**EXERCISE**
This exercise calls for the data below to be retyped exactly, minus any images.
═════ RAW DATA ═════
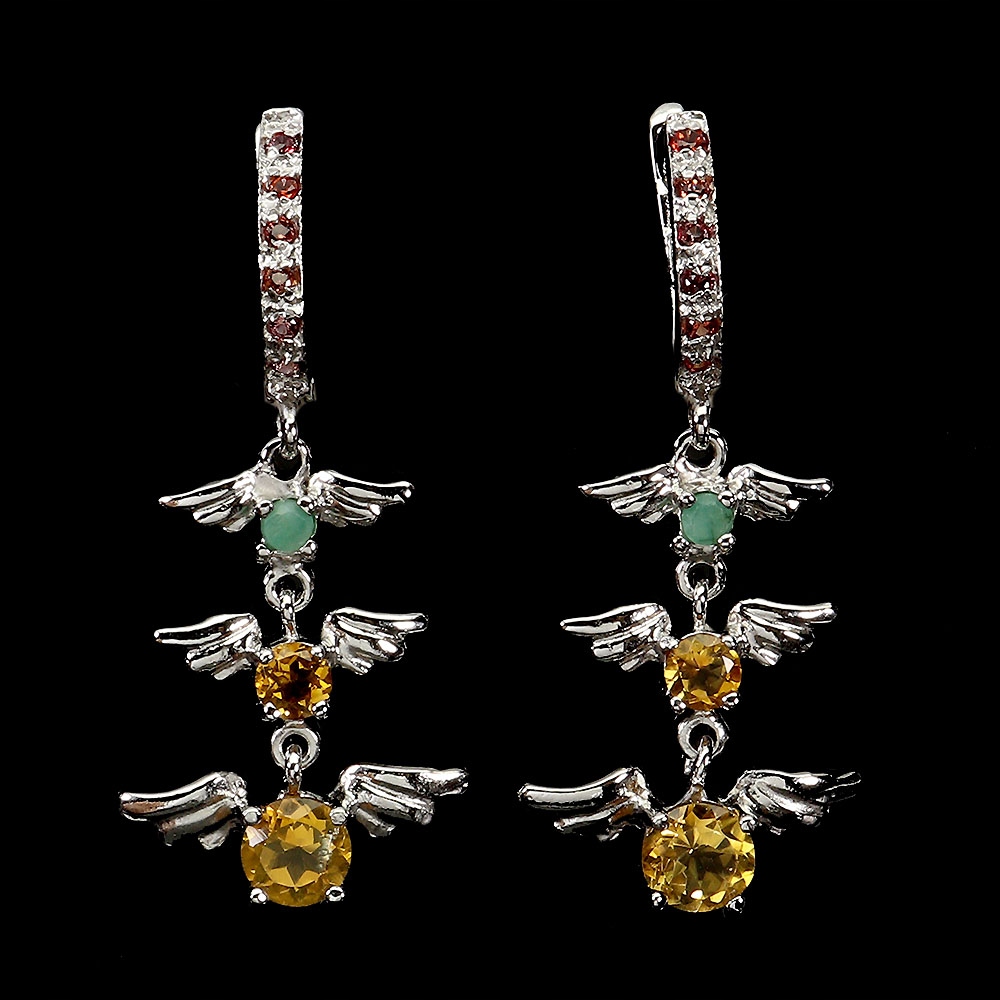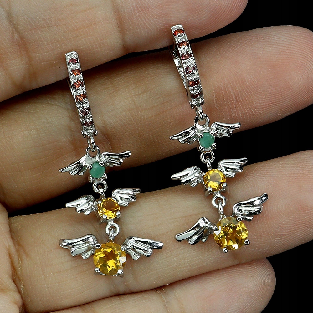 Oferujemy Państwu srebrne - próba 925 - kolczyki pozłacane 14K białym złotem z naturalnymi szmaragdami, szafirami Songea i cytrynami.
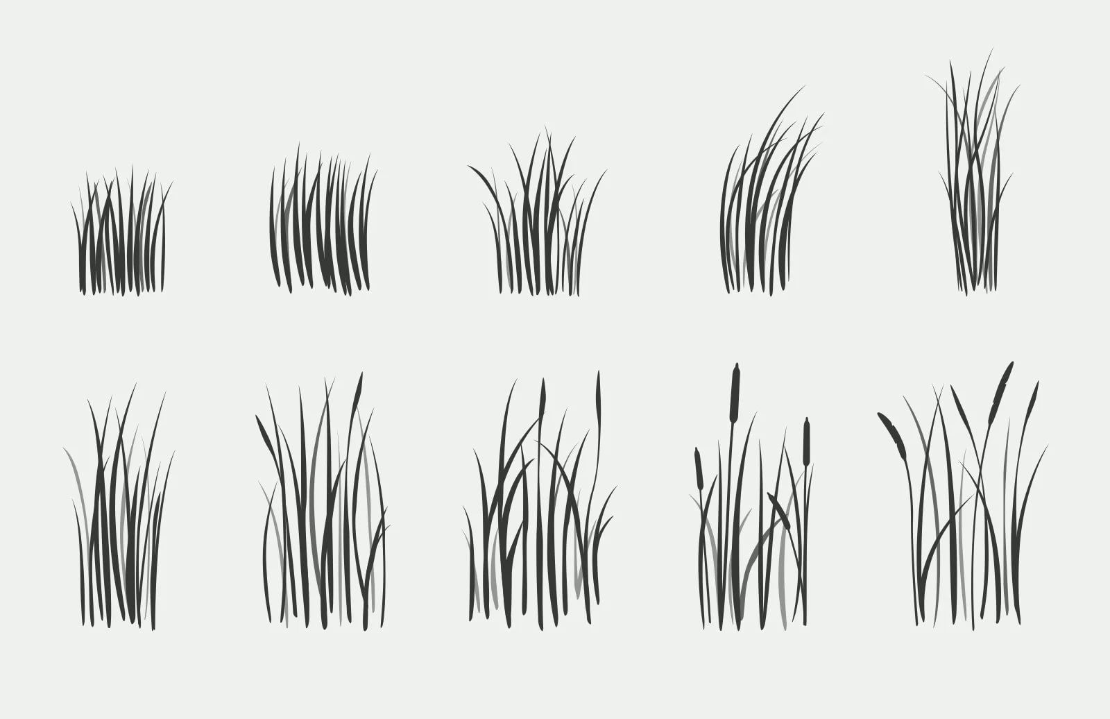 Еще один набор из 5 видов трав, которые вы можете использовать в качестве фона для своих рисунков.
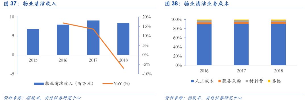 物業(yè)清潔服務(wù)是公司的傳統(tǒng)優(yōu)勢(shì)業(yè)務(wù),包括清潔服務(wù)、外墻清洗服務(wù)以及有害生物防治等,一般通過競(jìng)爭(zhēng)性談判或者招投標(biāo)等方式獲取業(yè)務(wù)合同,合同期限大多為 1-3 年。通過不斷的摸索以及經(jīng)驗(yàn)積累,玉禾田積累了大量長期合作的優(yōu)質(zhì)客戶,與廣州地鐵、深圳地鐵、萬科物業(yè)、華潤置地、龍湖物業(yè)、華僑城物業(yè)等保持長期穩(wěn)定的合作關(guān)系。2015-2018年公司在物業(yè)清潔業(yè)務(wù)收入分別為 6.8、8.0、9.1、8.5億元,增速逐年下滑,2018年已經(jīng)為負(fù)增長,盡管物業(yè)清潔業(yè)務(wù)份額逐年萎縮,但是整個(gè)物業(yè)管理市場(chǎng)仍有較大空間,公司未來發(fā)展戰(zhàn)略專注高端物業(yè)清潔。并且公司在物業(yè)清潔業(yè)務(wù)的營業(yè)成本主要由人工成本、服務(wù)采購、材料 費(fèi)構(gòu)成,且人工成本基本保持在90%左右,隨著人力成本的逐年增加,如何提高人均收入將是公司考慮的重點(diǎn)。
═════
**RESPONSE BELOW**
 Oferujemy Państwu srebrne - próba 925 - kolczyki pozłacane 14K białym złotem z naturalnymi szmaragdami, szafirami Songea i cytrynami.
 Еще один набор из 5 видов трав, которые вы можете использовать в качестве фона для своих рисунков.
 物業(yè)清潔服務(wù)是公司的傳統(tǒng)優(yōu)勢(shì)業(yè)務(wù),包括清潔服務(wù)、外墻清洗服務(wù)以及有害生物防治等,一般通過競(jìng)爭(zhēng)性談判或者招投標(biāo)等方式獲取業(yè)務(wù)合同,合同期限大多為 1-3 年。通過不斷的摸索以及經(jīng)驗(yàn)積累,玉禾田積累了大量長期合作的優(yōu)質(zhì)客戶,與廣州地鐵、深圳地鐵、萬科物業(yè)、華潤置地、龍湖物業(yè)、華僑城物業(yè)等保持長期穩(wěn)定的合作關(guān)系。2015-2018年公司在物業(yè)清潔業(yè)務(wù)收入分別為 6.8、8.0、9.1、8.5億元,增速逐年下滑,2018年已經(jīng)為負(fù)增長,盡管物業(yè)清潔業(yè)務(wù)份額逐年萎縮,但是整個(gè)物業(yè)管理市場(chǎng)仍有較大空間,公司未來發(fā)展戰(zhàn)略專注高端物業(yè)清潔。并且公司在物業(yè)清潔業(yè)務(wù)的營業(yè)成本主要由人工成本、服務(wù)采購、材料 費(fèi)構(gòu)成,且人工成本基本保持在90%左右,隨著人力成本的逐年增加,如何提高人均收入將是公司考慮的重點(diǎn)。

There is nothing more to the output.